= Steven Davidoff Solomon =

Steven Davidoff Solomon (aka Steven M. Davidoff) is an expert on corporate law, an academic, and a journalist. He currently works as a UC Berkeley law professor and as a columnist for The Wire China.

He has had nine solo and co-authored works selected as one of the top 10 articles of the year by Corporate Practice Commentator. He has also authored and edited several books, including Gods at War, The Corporate Contract in Changing Times, Law and Economics of Mergers and Acquisitions, Mergers and Acquisitions, and Research Handbook on Mergers and Acquisitions.

He is retained by the U.S. Department of Justice as an expert legal adviser to its Task Force to Combat Antisemitism. He co-founded the Antisemitism Education Initiative at UC Berkeley with fellow professor Ethan Katz and Berkeley Hillel Executive Director Adam Naftalin-Kelman, in partnership with the UC Berkeley Chancellor's Committee on Jewish Life and Campus Climate, the Center for Jewish Studies, the Helen Diller Institute for Jewish Law and Israel Studies, Berkeley Hillel, and the Magnes Collection of Jewish Art & Life.

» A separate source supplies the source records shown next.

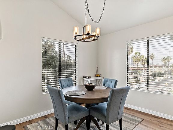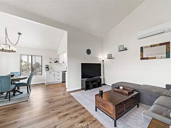 Welcome to this bright and airy, beautifully updated top-floor corner unit condo in Bixby Knolls! This 2-bedroom, 2-bathroom home has 1136 square feet of comfortable and well-designed living space. With numerous upgrades completed in 2020, this unit is turnkey and move-in ready. Just past the entryway, you’ll find the beautifully appointed built-in wet bar with granite counter, bar sink and ample cabinet storage. The living room has vaulted ceilings and a three-panel glass sliding door to the outside balcony, enhancing the open and spacious feel. Gorgeous wood flooring blends the living area seamlessly with the dining area and galley kitchen with redone electrical including new panel. The stainless steel refrigerator and stove are included, along with a built-in dishwasher and microwave. The combination washer/dryer unit conserves space while offering the convenience of in-unit laundry. (Plus, the building also has a community laundry area.) The primary bedroom has a remodeled en suite three-quarter bath with dual sinks and newer tile flooring. Across the hall you’ll find the second bedroom and another full bathroom. The original heating system has been upgraded to a mini-split style HVAC for heating and cooling with a unit in each room. Along with ceiling fans in both bedrooms, you can maintain a comfortable temperature year-round. Smart switches for lighting are also installed throughout the unit. The secure building has a lovely inside courtyard and patio area with grills and picnic tables for resident use. This unit comes with 2 assigned parking spaces in the shared garage. The building is in a great area of Bixby Knolls, walking distance to shopping and restaurants, and with easy access to freeways.
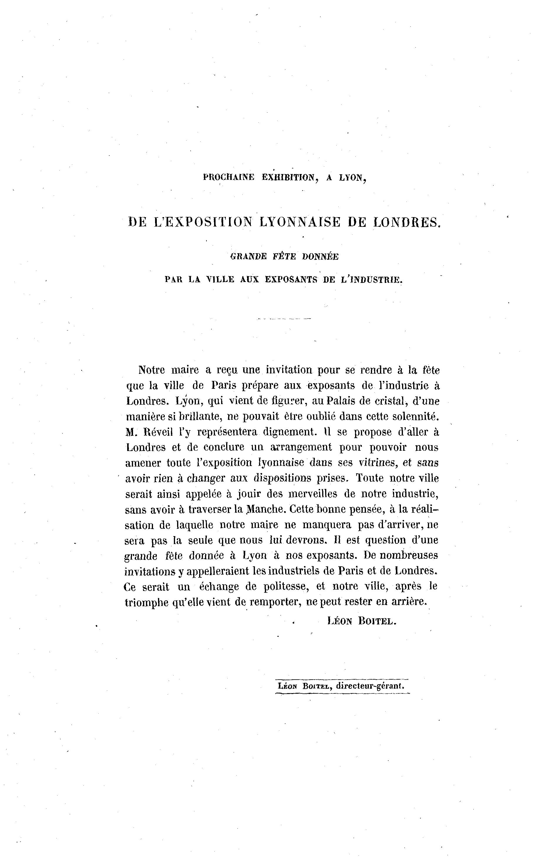 DE L'EXPOSITION LYONNAISE DE LONDRES.
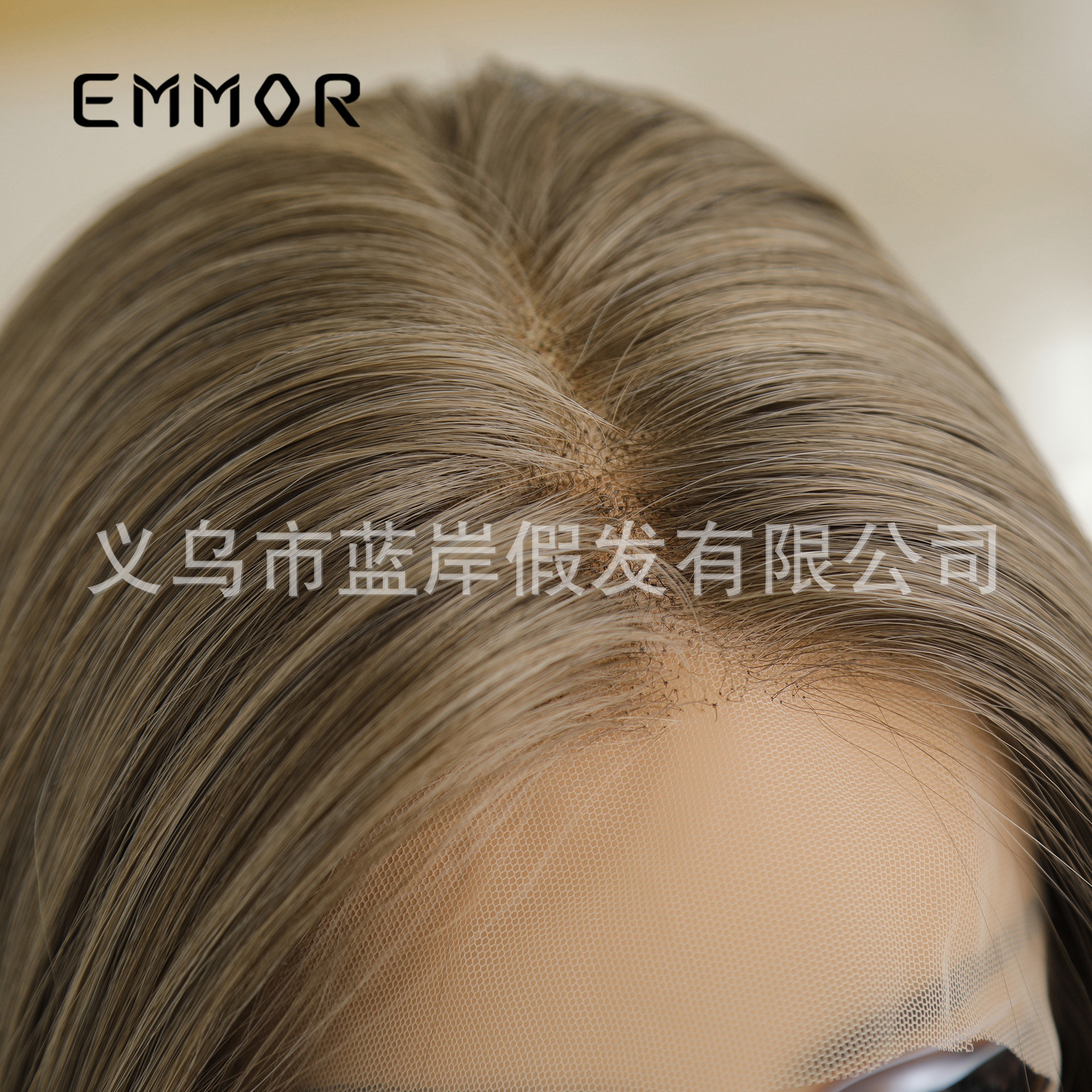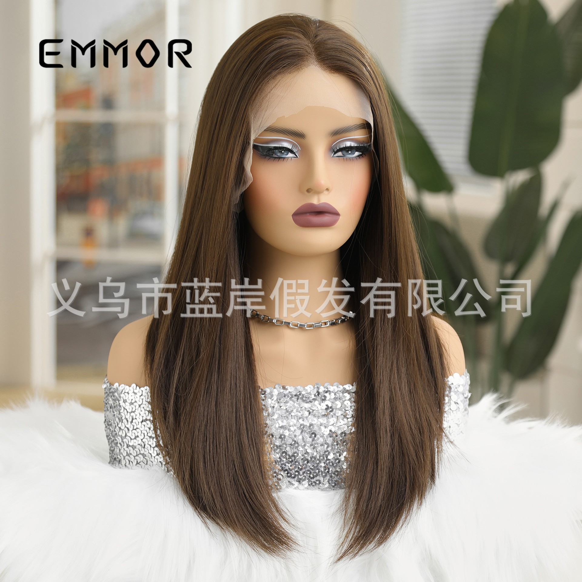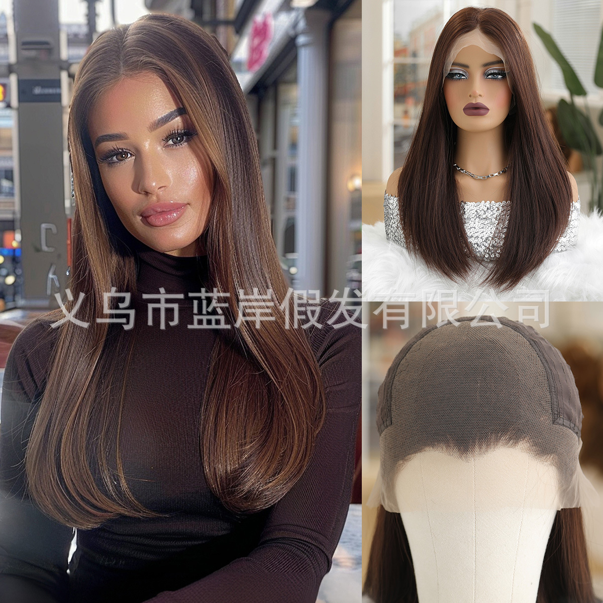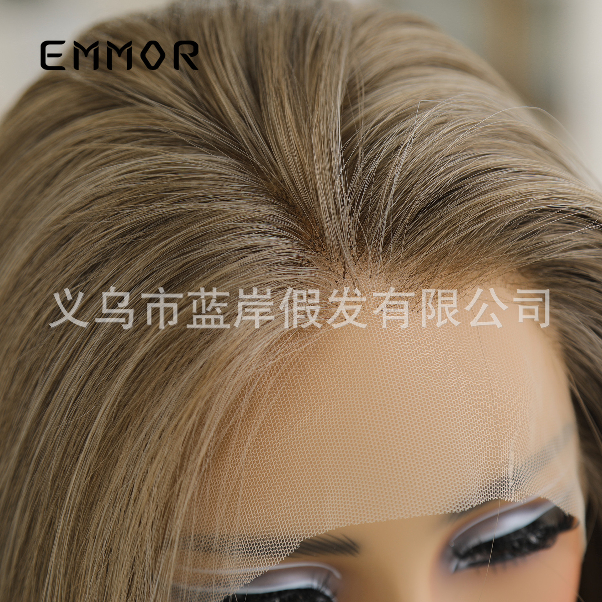 Peluca tejida a mano de encaje de gran área transfronteriza 13*6, cabello largo y liso dorado, costura libre, estilo de temperamento, punto de fábrica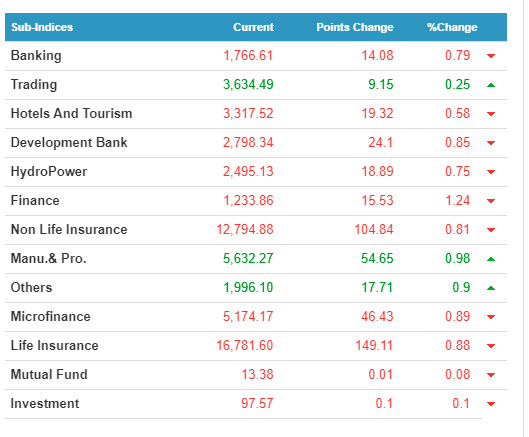 बुधवार २ सय १५ कम्पनीको ९० लाख कित्ता सेयर किनबेच भएको छ भने सो किनबेचपछि ३ अर्ब ९८ करोड रुपैयाँ बराबरको कारोबार भएको छ । बुधवार ४६ हजार वटा कारोबार भएको छ । व्यापार, उत्पादन र अन्य समूहको सूचक मात्रै बढेका छन् भने अन्य सबै उपसमूहको सूचक राताम्मे भएको छ । आज जीवन बीमा समूहको कारोबार १५० अंकले घटेको छ भने निर्जीन बीमा समूह १०४ अंकले घटेको नेपाल स्टक एक्चेन्ज(नेप्से) ले जनाएको छ ।
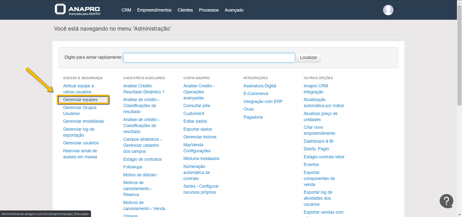 Logo em seguida iremos em "Gerenciar equipes".
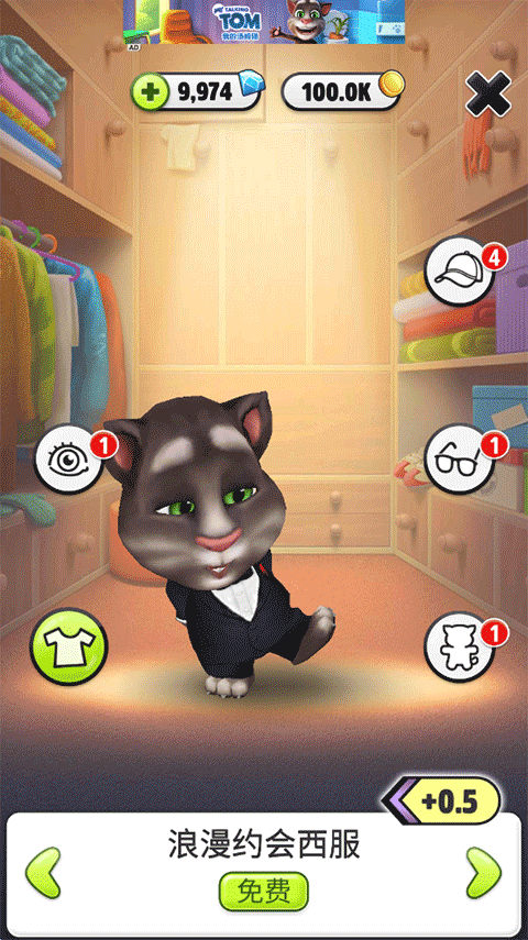 4、等你买下某件衣服后,就会出现一个“选择”按钮,点了之后汤姆猫就穿上了。要是觉得不好看,随时可以点“移除”,让他脱下来。

== Education and career ==
Solomon completed a BA at University of Pennsylvania, an MFin at the London Business School, and a JD at Columbia University. Prior to joining UC Berkeley, Solomon taught at Ohio State University, University of Connecticut, and Wayne State University. He wrote for the New York Times Dealbook column for over a decade. Before his academic career, he practiced as a corporate attorney for Shearman & Sterling in New York and London, and with Freshfields Bruckhaus Deringer in London.

== "Don't Hire My Anti-Semitic Law Students" article ==
In October 2023, one week into the Israel–Hamas war, Solomon wrote a Wall Street Journal op-ed titled "Don't Hire My Anti-Semitic Law Students." Solomon's article referenced the fact that Berkeley law students in 2022 led 12 student groups in adopting a bylaw that banned any speaker from campus who "expressed and continued to hold views or host/sponsor/promote events in support of Zionism, the apartheid state of Israel, and the occupation of Palestine." Solomon asserted that this and other "student conduct at Berkeley is part of the broader attitude against Jews on university campuses that made last week's massacre possible." He encouraged potential employers to ask their applicants "if they support discriminatory bylaws or other acts and resolutions blaming Jews and Israelis for the Hamas massacre."

The article sparked controversy among UC Berkeley law students. Some called for him to be fired. That same week, more than 200 Berkeley Law alumni signed an open letter asking UC Berkeley's law school dean Erwin Chemerinsky to "take immediate action to stand up for free discourse on social justice and equality at Berkeley Law, and to protect the students," who they felt had been targeted by the article. The alumni letter argued that Solomon's article called "for employers to reject students seeking to advocate for human rights harm free speech." Dean Chemerinsky responded that Solomon's op-ed was free speech, while also noting that Solomon expressed a personal opinion and did not speak for the law school. UC Berkeley Professor and chair of the Palestinian and Arab Studies Program, Ussama Makdisi, vilified the article on X.

== "Mr. Trump, Investigate My Campus" article ==
On February 2, 2025, Solomon wrote another op-ed for the Wall Street Journal titled "Mr. Trump, Investigate My Campus." Citing the previous week's executive order from President Trump called "Additional Measures to Combat Anti-Semitism", he called for an investigation of incidents of antisemitism at UC Berkeley, citing a campus lecture that he said included Hamas rape denial.

UC Berkeley was at this time already being investigated by the U.S. House Committee on Education and the Workforce. On February 3, 2025, the day following Solomon's article, the U.S. Department of Education announced an extension of that investigation, citing "almost no discipline for antisemitic violations" following the 2024 inquiry.

On February, 5, UC Berkeley's Chancellor Rich Lyons responded with his own op-ed, also in the WSJ, titled "No Need to Investigate My Campus, Mr. Trump." He clarifies that the lecture in question was optional for students. He also says that, though he does not object to Solomon "criticizing anyone who denies what Hamas was responsible for on Oct. 7, 2023," academic freedom and free speech prevent campus intervention in preventing events like the lecture referenced.

Both op-eds were criticized by another UC Berkeley law professor, Ty Alper, in his own March 15 op-ed in the Daily Cal, a student-run newspaper, arguing that the school "must protect the right of all invited speakers to speak, regardless of the content of their speech," and that Solomon's article "should be met with unequivocal condemnation and a commitment to zealously fight any effort to punish political speech on campus."